Ask HN: What would be the fastest way to grep Common Crawl? - freediver
Most recent Common Crawl includes 80TB WET (extracted text) files from the latest web crawl.<p>Assuming you have the files locally what would be the fastest way to &quot;fgrep&quot; (string search) through them?<p>Testing with ripgrep on my 10 core iMac Pro I get about 6 seconds to grep through 20GB file. That means about 5 minutes per TB or almost 7 hours for common crawl. What setup would I need to do it in &lt;100ms? :)
======
burntsushi
ripgrep author here.

When you want to search TBs of data, then you have to ask: what do you need to
do? If you only need to search the data set once for a single query, then
ripgrep (or similar) is probably your shortest path in terms of end-to-end
time to get your results.

If you however want to run many queries against an unchanging or growing data
set at this scale, then I think you probably want to find some way to index it
before hand. Tools like SOLR or Elasticsearch are fairly standard and
shouldn't cost you too much in terms of learning how to use them. You can
perhaps go faster than Elasticsearch/SOLR/Lucene if there is something special
about your problem that permits you to design a custom indexing strategy.

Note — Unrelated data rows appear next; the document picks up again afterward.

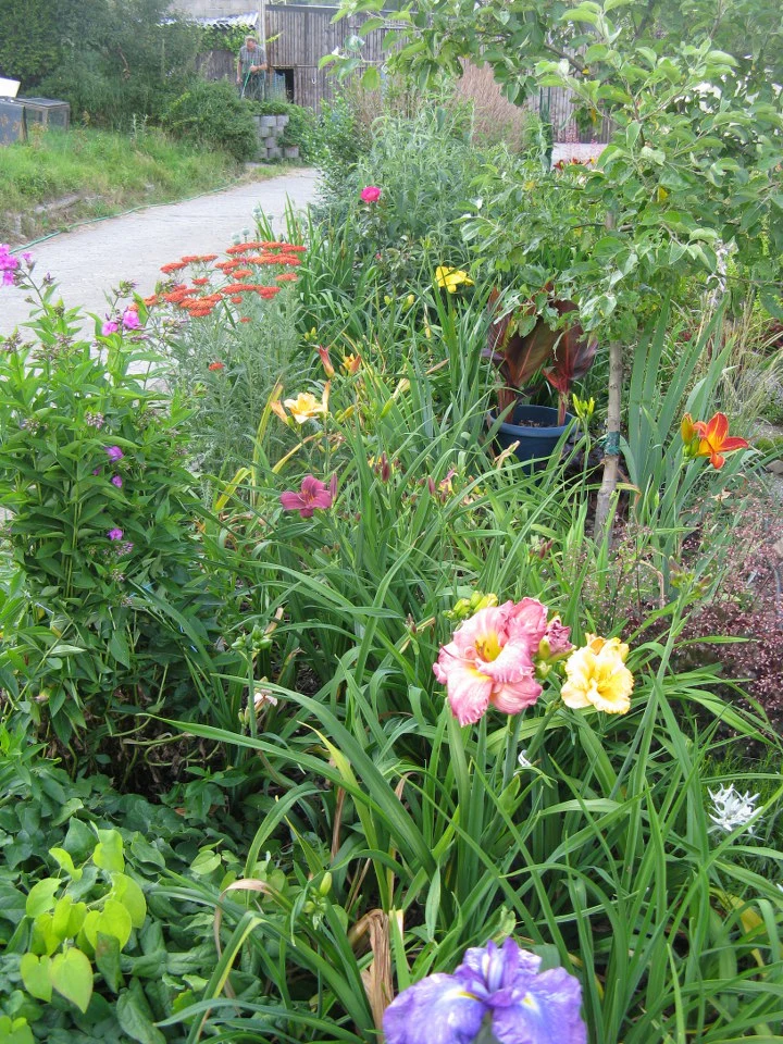 also hier sind phloxe,schafgarbe,links elfenblumen nebst apfelbaum
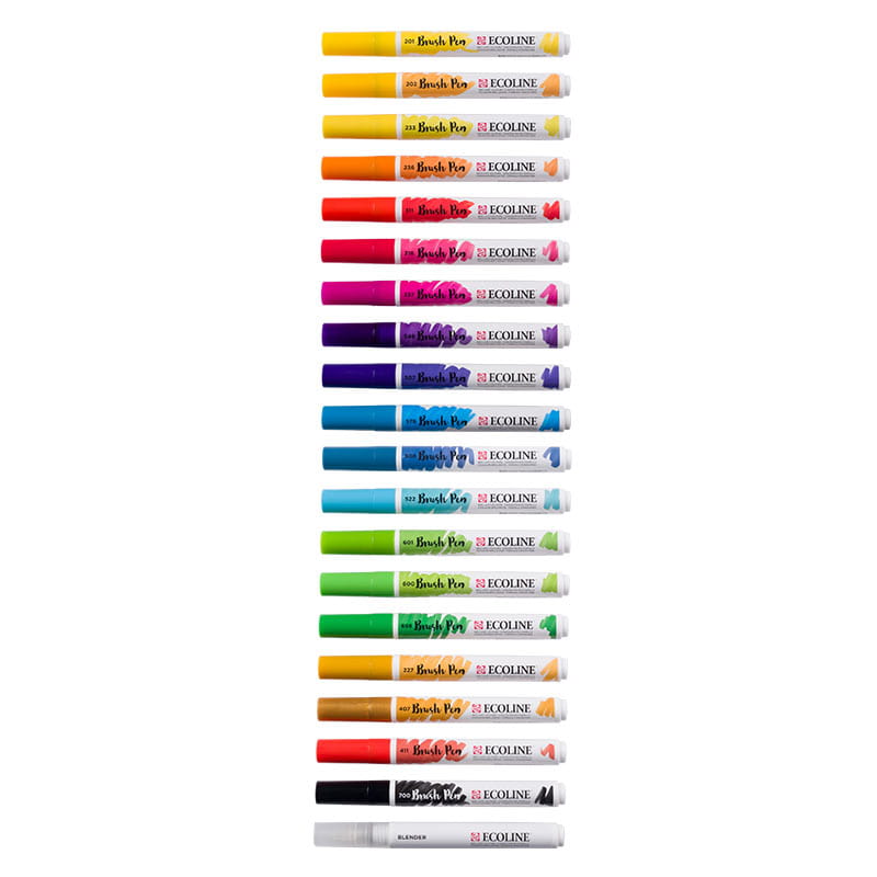 Zamknięta w poręcznym pisaku farba Ecoline zakończona pędzelkiem pozwala na łatwe i wygodne malowanie zarówno cienkich linii, jak i większych powierzchni. Ecoline Brush Pen posiadają bogatą paletę kolorystyczną oraz możliwość ponownego napełnienia pisaka farbami wodnymi Ecoline.
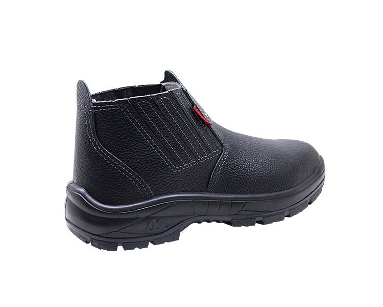 Bota de elástico Kadesh, linha Impacto, em couro groupon, preta, com solado em poliuretano bidensidade.
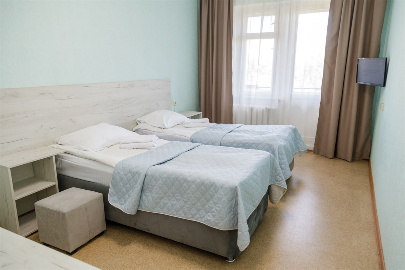 Площадь номера - 13,8 кв.м. 2 осн. места. 1 доп. место. Балкон. Мебель: вешалка, зеркало, кровати односпальные, прикроватные тумбочки, стол, стулья, шкаф. Оборудование: телевизор, холодильник. Санузел. Сервис: Wi-Fi бесплатно, смена полотенец, смена постельного белья, уборка номера.
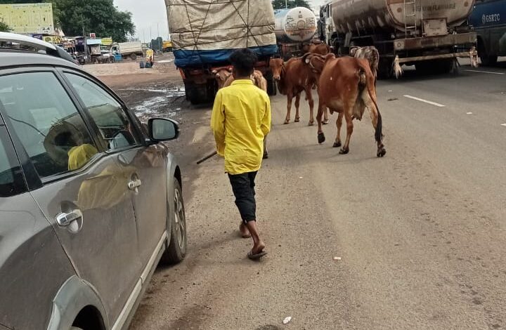 ૪. રસ્તા ઉ૫ર ઢોર અચાનક આવી જતા વાહન ચાલકોનું નિયંત્રણ ખોવાઇ જાય છે.
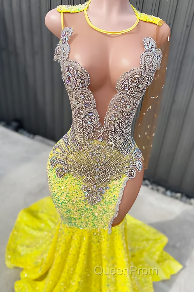Enhance your natural curves with our Round Neck Silver Beaded Mermaid Yellow Sequin Evening Prom Dresses. The intricate beading and sequins add sparkle and shine, while the mermaid silhouette accentuates your figure. Perfect for any special occasion, this Dresses will make you stand out and feel confident.
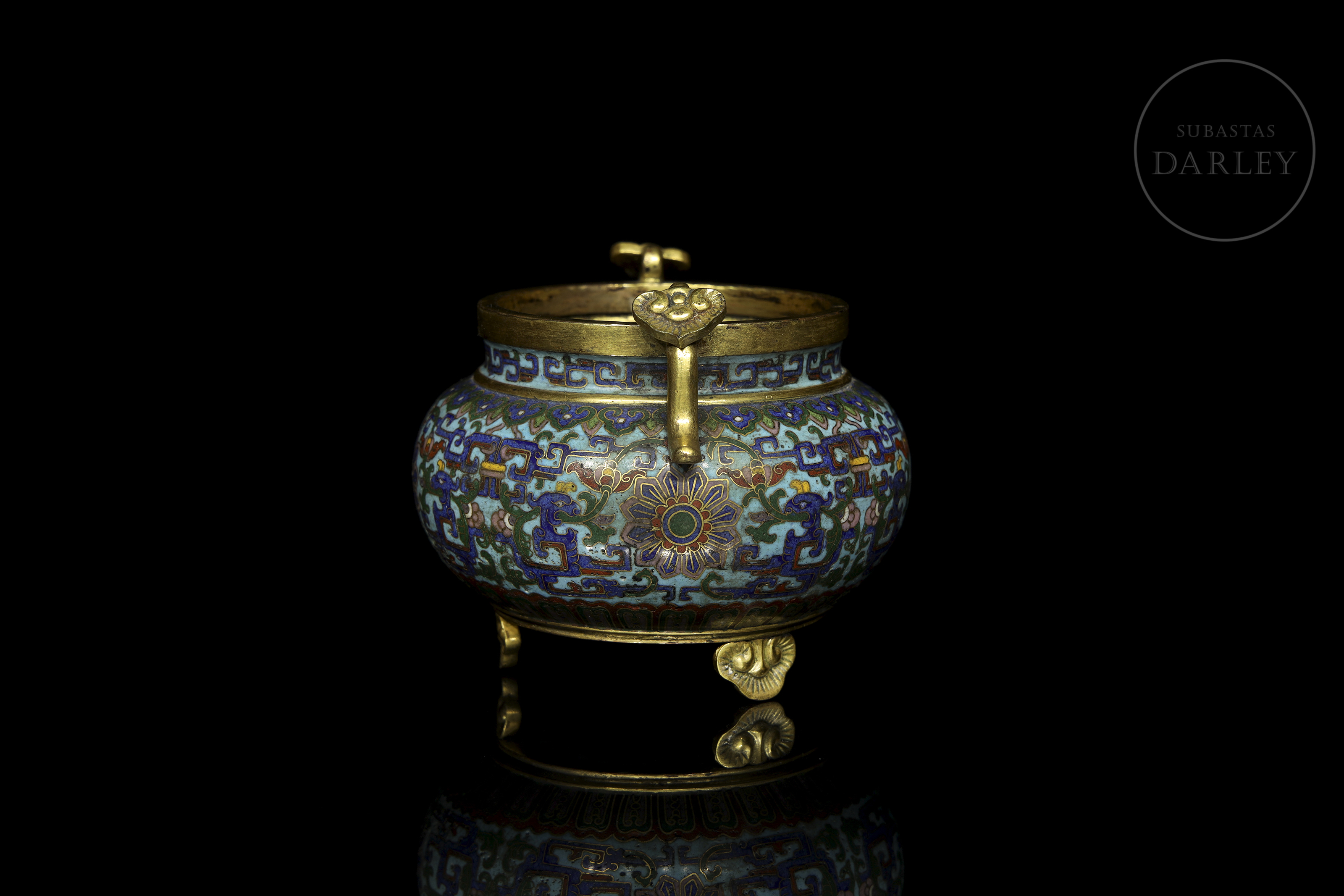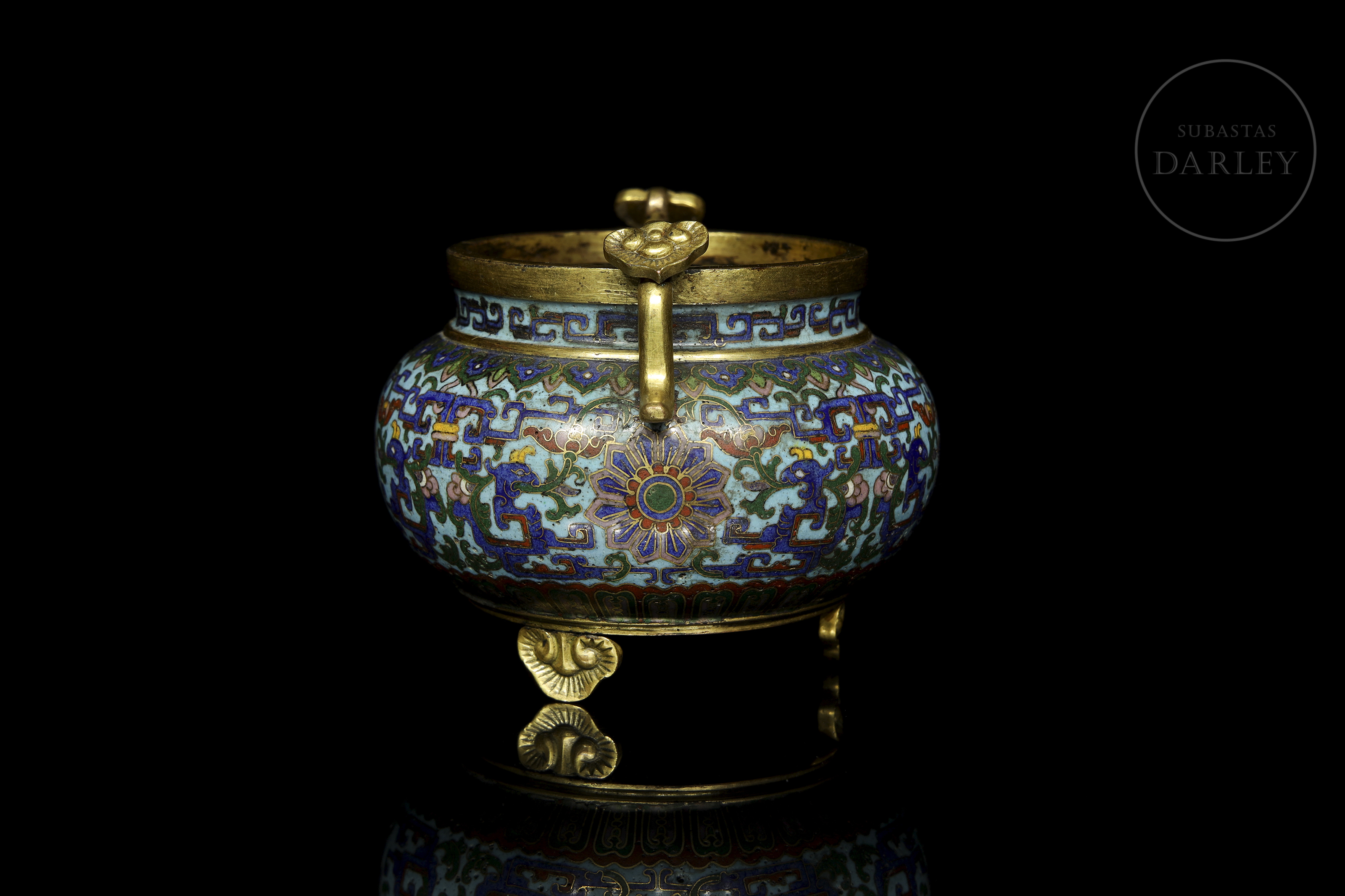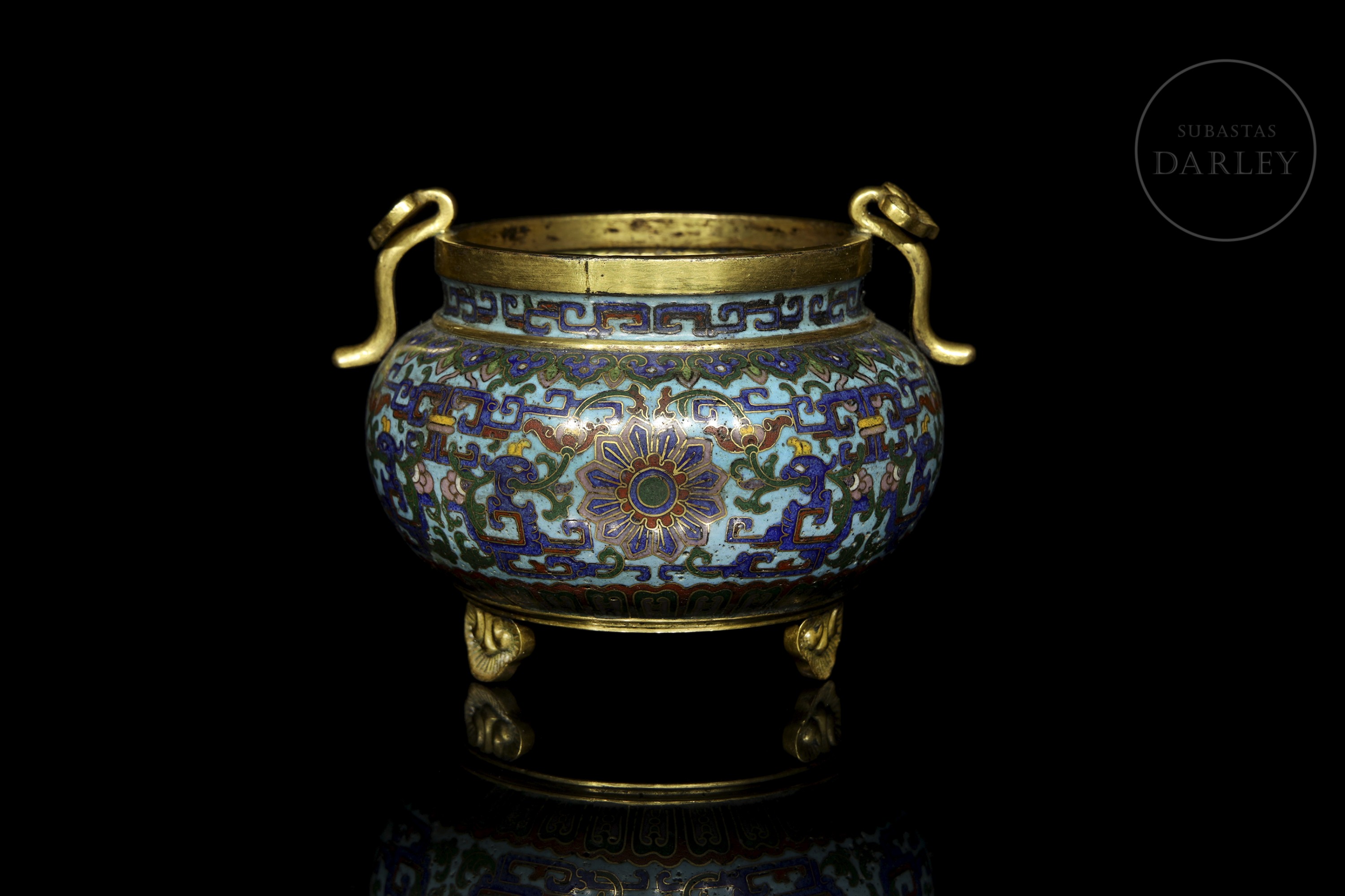 A gilded bronze censer decorated with cloisonné enamel. It has a flat, globular body set on three small ruyi-shaped feet, above which stands a short neck and circular mouth, adorned with two beautiful handles in the form of a flattened and curved ruyi sceptre that connect the mouth and body.
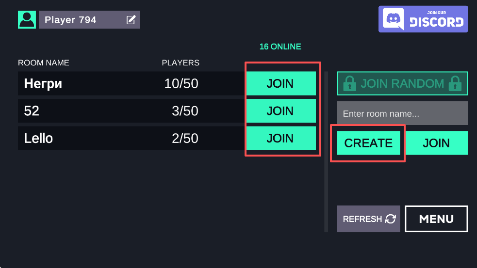 2、待进入新界面后,可以选择左侧的任一房间点击【Join】即可加入该房间,或者点击右侧【Create】创建一个新的房间
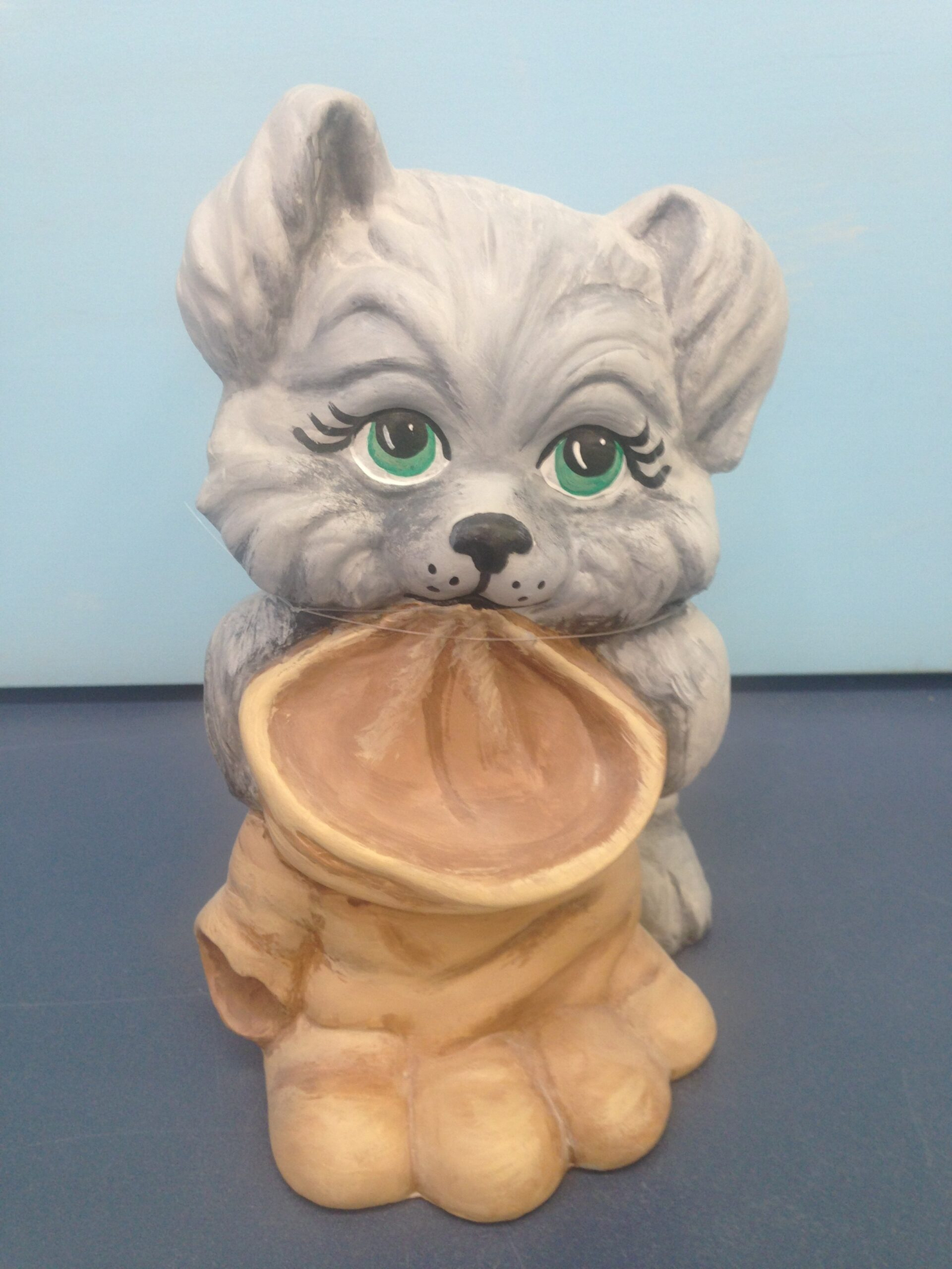 Item Number is DOG-30. The size is approximately 7″ high by 5.5″ long. The price listed is for Bisque (white ceramics) so you can paint your own. Please contact us for the price of the Painted Art.

But
that requires knowing more about your search goals and also costs more to
develop (probably).

Otherwise, if you're willing to pay, then spin up a bunch of machines with
lots of RAM and partition the data set such that each partition fits in memory
of a single machine. Then parallelize your search. (This is probably a middle
ground between grepping the whole thing on a single machine and using
something like fulltext indexing.)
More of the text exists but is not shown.